There is a way, but it's a pain. Create a shell script that calls Visual Studio Code and passes it the file path that Unity provides:
"/Applications/Visual Studio Code.app/Contents/MacOS/Electron" -r -g $1
exit 0
Then you need to make an .app from that shell script. I used a program called Platypus to make the .app. If you use Platypus make sure to check the 'Accepts Dropped Items` checkbox, it didn't work for me until I used this option.
Once you have the .app created you need to set that app as your External Editor in Unity.

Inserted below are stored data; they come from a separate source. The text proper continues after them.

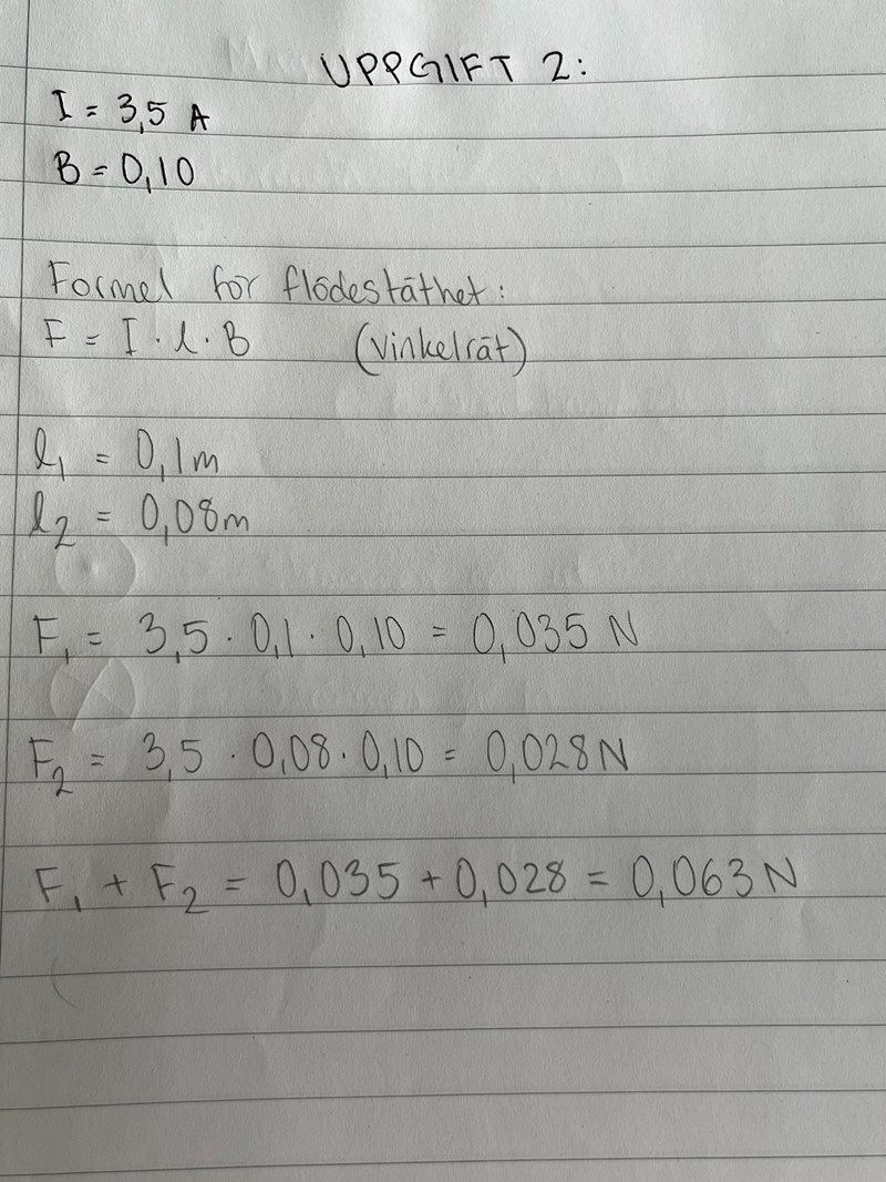 ledaren I = 3,5 A och flödestätheten B = 0,10."
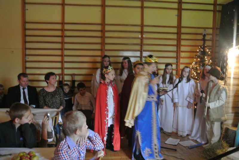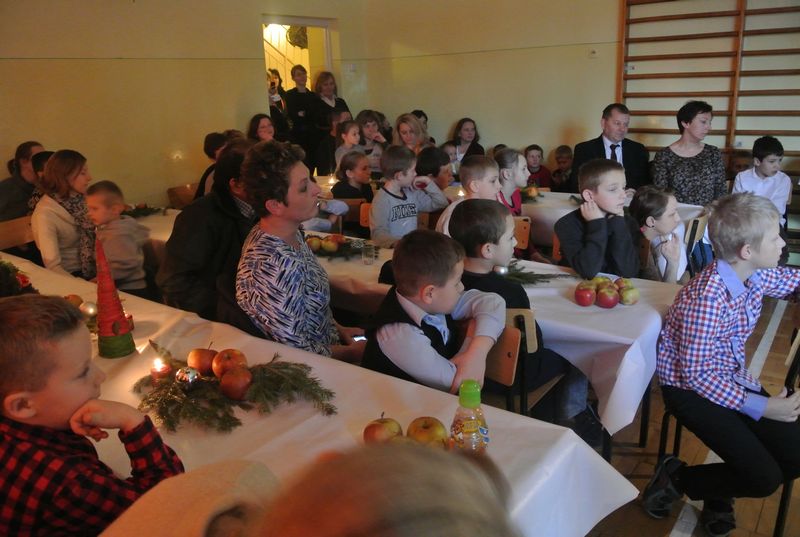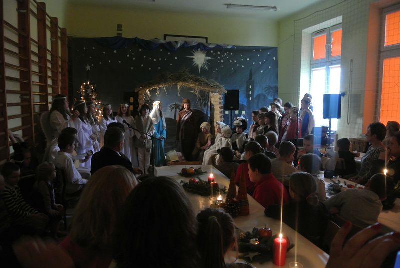 Dzieci w przepięknych strojach występowały przed swoimi rodzicami, nauczycielami, a także przed kolegami szkolnymi. Na świątecznie przystrojonych stołach paliły się świeczki. Salę zdobiła dekoracja przedstawiająca Betlejem i rozgwieżdżone niebo, na jej tle znajdowała się szopka, żłóbek i sianko.
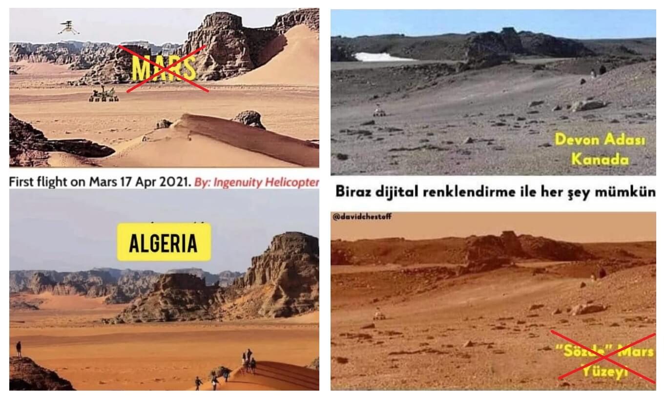 Nasa’nın Mars’a uzay aracı göndermediği, Mars yüzeyine ait olduğunu belirterek paylaştığı fotoğrafların Cezayir’de bir çöle ve Kanada’nın Devon Adası’na ait olduğu iddiası doğru değil.
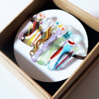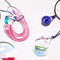 ガラス教室ではアクセサリーとお皿、ピアス、イヤリング、箸置きなどさまざまな作品を制作することができます。
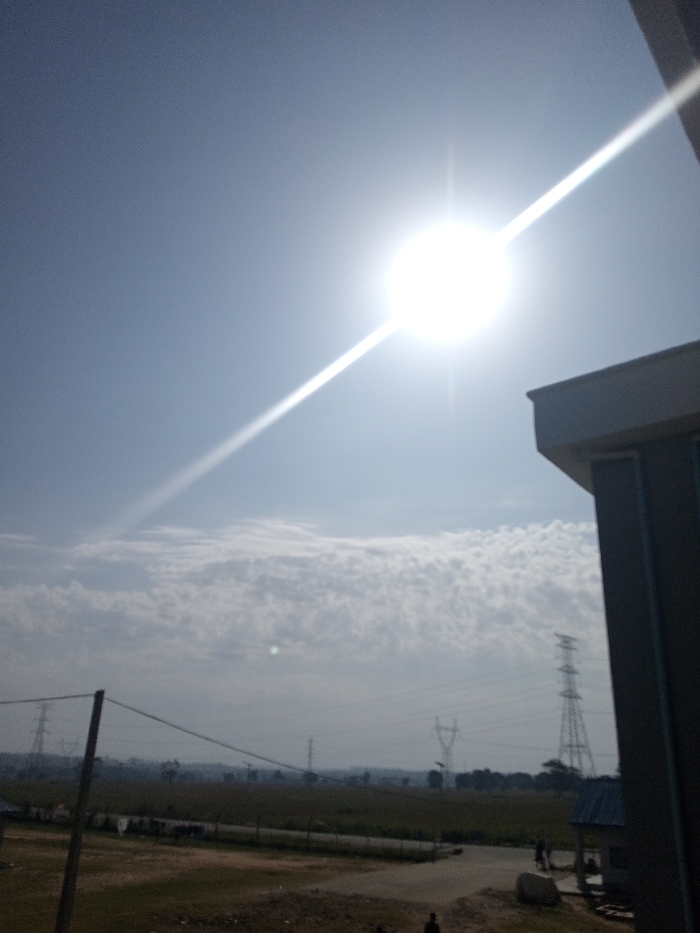The image depicts an outdoor scene under bright daylight in the city of Unknown, Unknown. The sun, a brilliant white orb with prominent lens flare, is situated in the upper right quadrant of a clear blue sky, partially obscured by scattered, textured cumulus clouds extending across the mid-sky. In the foreground, an unpaved dirt path curves from the lower center towards the right. A single dark figure walks on this path in the lower-center. Towards the far right, a small group of two to three dark figures stands or walks near a compact, single-story building with a blue corrugated metal roof. A large, light-colored rock or concrete block rests beside the path to the right of center. On the far left, a dark vertical pole with a horizontal wire is visible. The midground features an expansive, flat, open field, predominantly green and brown, stretching towards a distant treeline or low hills. Multiple high-voltage lattice-style power line towers are scattered across the horizon in the midground, with one prominent tower on the far right, another near the center-left, and a smaller one on the far left. The upper right portion of the frame is cut by the corner of a modern building, revealing a light grey facade and a darker grey vertical element, with its roofline visible against the bright sky.
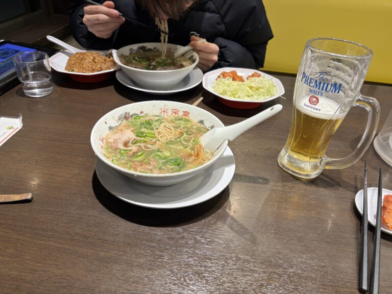 んでワイはのんびりビールを飲みながらラーメン食ってる。
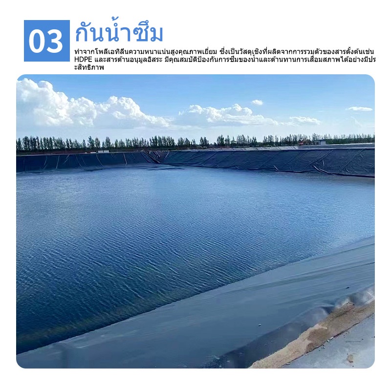 【300/500 ไมครอน】พลาสติกปูบ่อ ผ้ายางปูบ่อปลา HDPE เสริม UV หนา 0.5mm ทนทาน50ปี ออกแบบและทดสอบโดยวิศวกร นําเข้าจากเยอรมัน

Hopefully in the future Unity will allow custom arguments to be sent for OSX, not just Windows. Also it would be nice if Unity passed the line and column numbers to custom external editors, currently those details are only passed to certain Unity-recognized editors. There is really no reason I can think of that why they could not pass that information as additional arguments. Because that information isn't being passed that means you cannot configure this script to open up the file to line that an error might be on, which is a bummer.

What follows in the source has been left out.